Art With Impact (AWI) promotes mental wellness by creating a space for young people to learn and connect through art and media. Art has the potential to reach people in ways that words can’t, and the organization harnesses this medium to engage with young people on the topic of mental health both online and in person. AWI envisions a future where artists and their art are treasured as icons of bravery and diversity, empowering people to talk about mental health without restrictions, fear, or stigma.

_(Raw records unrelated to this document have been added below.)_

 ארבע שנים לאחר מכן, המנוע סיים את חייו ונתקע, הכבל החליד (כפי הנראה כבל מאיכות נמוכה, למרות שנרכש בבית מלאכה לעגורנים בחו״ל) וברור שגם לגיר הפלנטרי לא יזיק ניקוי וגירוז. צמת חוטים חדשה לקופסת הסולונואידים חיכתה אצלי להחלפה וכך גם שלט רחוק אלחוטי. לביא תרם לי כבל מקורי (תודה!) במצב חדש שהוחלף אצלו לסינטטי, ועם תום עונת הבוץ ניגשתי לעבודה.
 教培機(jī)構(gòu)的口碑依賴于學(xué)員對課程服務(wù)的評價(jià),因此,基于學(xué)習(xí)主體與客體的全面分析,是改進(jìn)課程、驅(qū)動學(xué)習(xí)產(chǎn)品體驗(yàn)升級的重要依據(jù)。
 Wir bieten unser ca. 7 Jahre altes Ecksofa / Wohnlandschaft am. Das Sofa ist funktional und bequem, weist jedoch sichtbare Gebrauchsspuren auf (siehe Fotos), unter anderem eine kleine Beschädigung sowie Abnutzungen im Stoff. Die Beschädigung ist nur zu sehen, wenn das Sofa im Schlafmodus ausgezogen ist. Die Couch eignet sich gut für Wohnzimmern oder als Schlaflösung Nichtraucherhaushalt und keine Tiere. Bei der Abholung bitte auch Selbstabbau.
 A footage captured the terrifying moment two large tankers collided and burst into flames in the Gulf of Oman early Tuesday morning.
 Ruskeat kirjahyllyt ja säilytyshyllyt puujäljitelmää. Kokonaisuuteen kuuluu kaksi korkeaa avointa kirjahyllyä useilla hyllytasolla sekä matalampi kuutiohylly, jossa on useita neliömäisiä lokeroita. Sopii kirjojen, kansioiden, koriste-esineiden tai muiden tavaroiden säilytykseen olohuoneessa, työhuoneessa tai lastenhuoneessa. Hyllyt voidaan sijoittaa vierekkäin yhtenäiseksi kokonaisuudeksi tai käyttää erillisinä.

AWI’s mission and vision are reflections of their larger message: they believe art can change lives. Whether you’re creating art or experiencing art, it holds a truly unique power to inspire profound change in individuals and in society. OLIVE, the organization’s Online Library for Interactive Video and Engagement, supports promising new artists who create exceptional short films based on various themes in mental health. With more than 35 titles in their library, the films address a wide variety of mental health issues, different types of stigma, and diversity in terms of race, gender, sexual orientation, age, and nationality. Their film “Gladys,” for example, features a young Latina woman who has immigrated to the United States and is struggling to understand and receive support for the depression she’s experiencing in this new culture. “Chained” is a film told through metaphor about the posttraumatic stress experienced by a war veteran. “Three” follows the stories of three college students—a dancer with obsessive-compulsive tendencies, a young woman with social anxiety, and a young man with bulimia—and how their stories connect. These films, and all others in their library, can be viewed on the AWI website.
AWI’s staff also shares their stories illustrating the power of art in their own lives. One piece tells the story of a young girl who realizes the music she is practicing on her piano is provoking an emotional reaction she hadn’t noticed before, which helps her connect with the inherent value and beauty of her life and art. Another explores the life of a sexual violence survivor who processes her experiences by writing a play. When she watches fellow students perform her work, she feels herself begin to heal.
AWI creates opportunities for engagement via high school and college workshops, which showcase films from OLIVE; teach media literacy, filmmaking, and mental health awareness; and connect students to community resources. These platforms use the transformative power of film to increase compassion, promote empathy, and inspire students to tell the stories that matter most to them. AWI’s purpose is to engage young people, artists, professionals, and academic institutions in sustainable partnerships that revere art as a catalyst for cultural change.